To get a better understanding of the effect of high-dose vitamin D (at least 1,000 International Units a day) in people with MS, researchers in Brazil combined data from nine randomized controlled trials until mid-December 2022 that were identified through a literature search.

The trials included 867 patients with a diagnosis of MS. Most had relapsing-remitting MS, where relapses, or periods of new or worsening symptoms, are followed by periods when symptoms ease.
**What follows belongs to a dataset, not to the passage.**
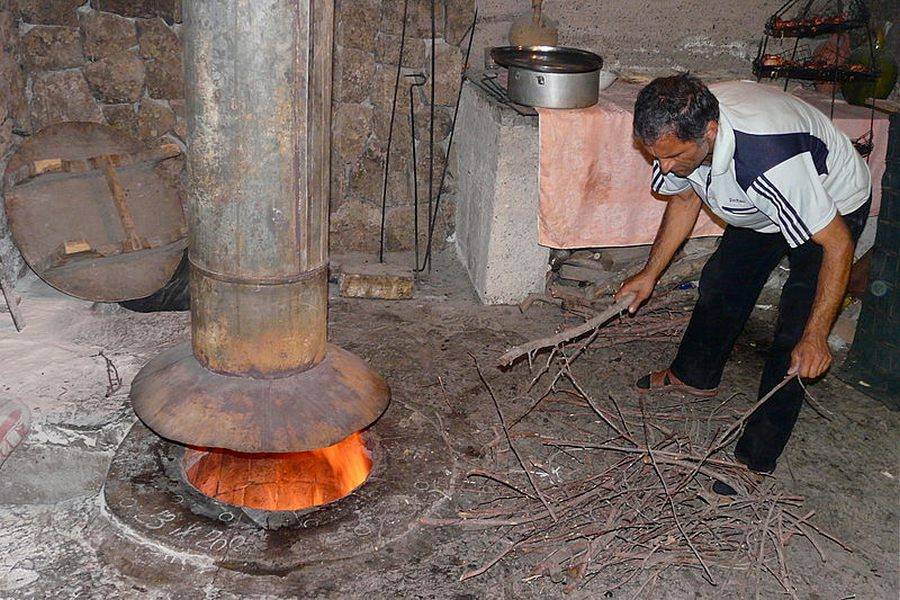 Тандыр в Армении называется «тонир» и его используют также и для обогрева домов. Армянские тандыры делали из шамотного кирпича, потому что местная глина не такая податливая и прочная. По сути, это кирпичный цилиндр с глиняными швами и обмазанной внутренней поверхностью.

Compared with a placebo or low-dose vitamin D, taking a high-dose vitamin D supplement as an add-on to disease-modifying therapies didn’t result in a significant reduction in Expanded Disability Status Scale (EDSS) scores, where higher scores indicate greater disability, over six months to about two years.

A high dose also had no significant effect on the number of T2 lesions seen on MRI scans. There was a nonsignificant tendency for fewer lesions with high-dose vitamins D. T2 lesions reflect overall lesion load, including both old and active lesions.

A high dose also had no effect on the annualized relapse rate (ARR), a measure of the number of relapses adjusted to a one-year window, indicating “vitamin D3 supplementation has no significant impact on clinical outcomes.”

As an “add-on for the treatment of MS,” the researchers wrote, high-dose vitamin D supplementation “has no significant impact on EDSS, ARR or new T2 lesions in the short and medium term,” but the “nonsignificant reduction of new T2 lesions could precede long-term clinical benefits and should be validated in additional studies.”